WHAT IS BEING ASKED -> Exactly and only the lines below from the one containing "Two-Axis Adjustment: This" down to the one containing "於是再94%健康度的時候,K" are wanted, both included; please exclude every picture.

(Items from a data source)

········

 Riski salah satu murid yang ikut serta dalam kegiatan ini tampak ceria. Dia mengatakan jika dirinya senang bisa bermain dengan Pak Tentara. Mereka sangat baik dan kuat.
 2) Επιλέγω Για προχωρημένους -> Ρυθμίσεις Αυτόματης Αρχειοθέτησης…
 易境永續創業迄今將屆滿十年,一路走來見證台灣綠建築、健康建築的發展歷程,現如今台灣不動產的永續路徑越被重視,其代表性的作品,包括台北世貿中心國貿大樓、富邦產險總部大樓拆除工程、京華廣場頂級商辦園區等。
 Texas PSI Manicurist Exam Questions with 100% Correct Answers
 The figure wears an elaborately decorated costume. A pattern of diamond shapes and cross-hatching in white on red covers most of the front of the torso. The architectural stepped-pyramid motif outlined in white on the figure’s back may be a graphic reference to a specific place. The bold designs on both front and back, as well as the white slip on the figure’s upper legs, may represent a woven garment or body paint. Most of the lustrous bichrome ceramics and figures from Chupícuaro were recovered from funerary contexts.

········

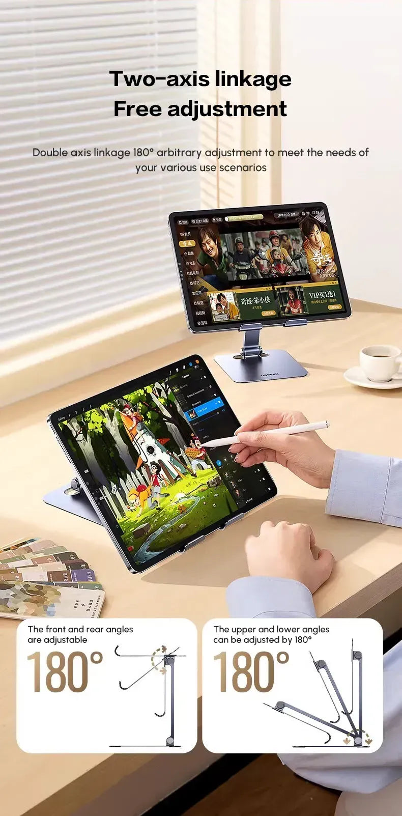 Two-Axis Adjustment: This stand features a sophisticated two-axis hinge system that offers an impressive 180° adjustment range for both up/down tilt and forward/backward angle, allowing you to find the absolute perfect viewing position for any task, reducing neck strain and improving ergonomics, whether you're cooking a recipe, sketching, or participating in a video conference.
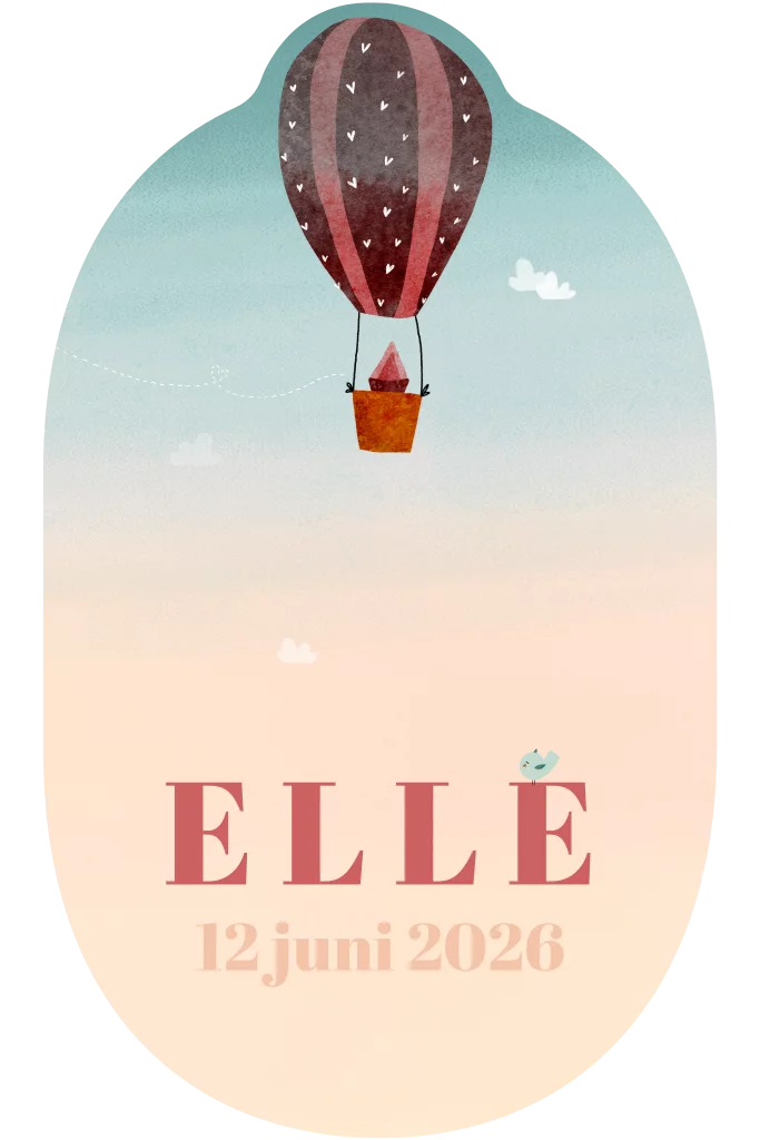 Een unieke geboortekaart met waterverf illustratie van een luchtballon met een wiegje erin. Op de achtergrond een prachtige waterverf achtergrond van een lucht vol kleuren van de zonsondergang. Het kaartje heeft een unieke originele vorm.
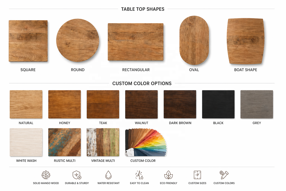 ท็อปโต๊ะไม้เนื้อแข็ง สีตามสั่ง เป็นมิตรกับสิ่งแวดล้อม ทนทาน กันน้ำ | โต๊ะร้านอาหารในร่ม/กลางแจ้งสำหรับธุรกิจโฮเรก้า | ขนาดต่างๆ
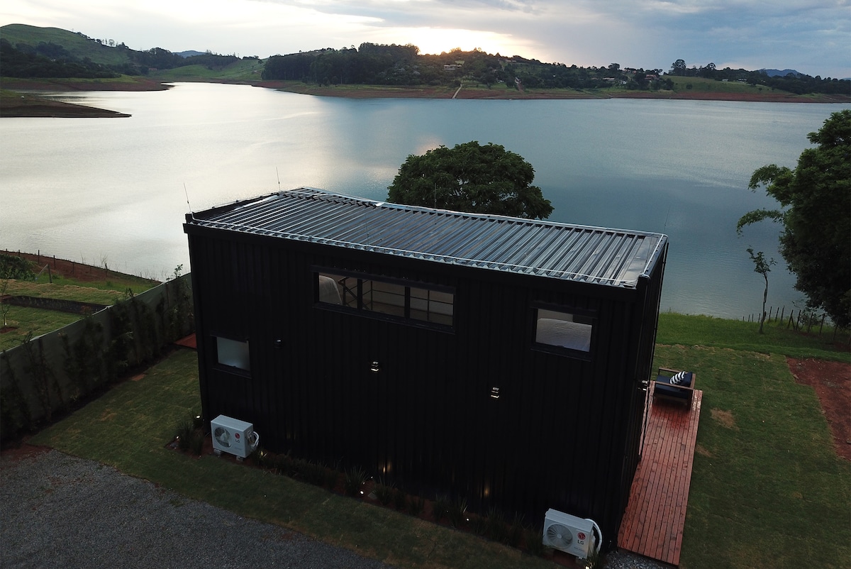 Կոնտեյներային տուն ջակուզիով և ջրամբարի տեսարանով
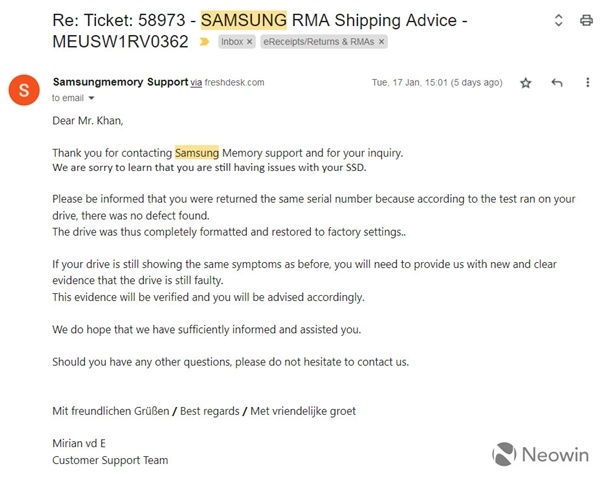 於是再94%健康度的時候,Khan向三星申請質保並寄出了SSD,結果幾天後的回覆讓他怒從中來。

········

SOLUTION TO THIS EXERCISE ->
 Two-Axis Adjustment: This stand features a sophisticated two-axis hinge system that offers an impressive 180° adjustment range for both up/down tilt and forward/backward angle, allowing you to find the absolute perfect viewing position for any task, reducing neck strain and improving ergonomics, whether you're cooking a recipe, sketching, or participating in a video conference.
 Een unieke geboortekaart met waterverf illustratie van een luchtballon met een wiegje erin. Op de achtergrond een prachtige waterverf achtergrond van een lucht vol kleuren van de zonsondergang. Het kaartje heeft een unieke originele vorm.
 ท็อปโต๊ะไม้เนื้อแข็ง สีตามสั่ง เป็นมิตรกับสิ่งแวดล้อม ทนทาน กันน้ำ | โต๊ะร้านอาหารในร่ม/กลางแจ้งสำหรับธุรกิจโฮเรก้า | ขนาดต่างๆ
 Կոնտեյներային տուն ջակուզիով և ջրամբարի տեսարանով
 於是再94%健康度的時候,Khan向三星申請質保並寄出了SSD,結果幾天後的回覆讓他怒從中來。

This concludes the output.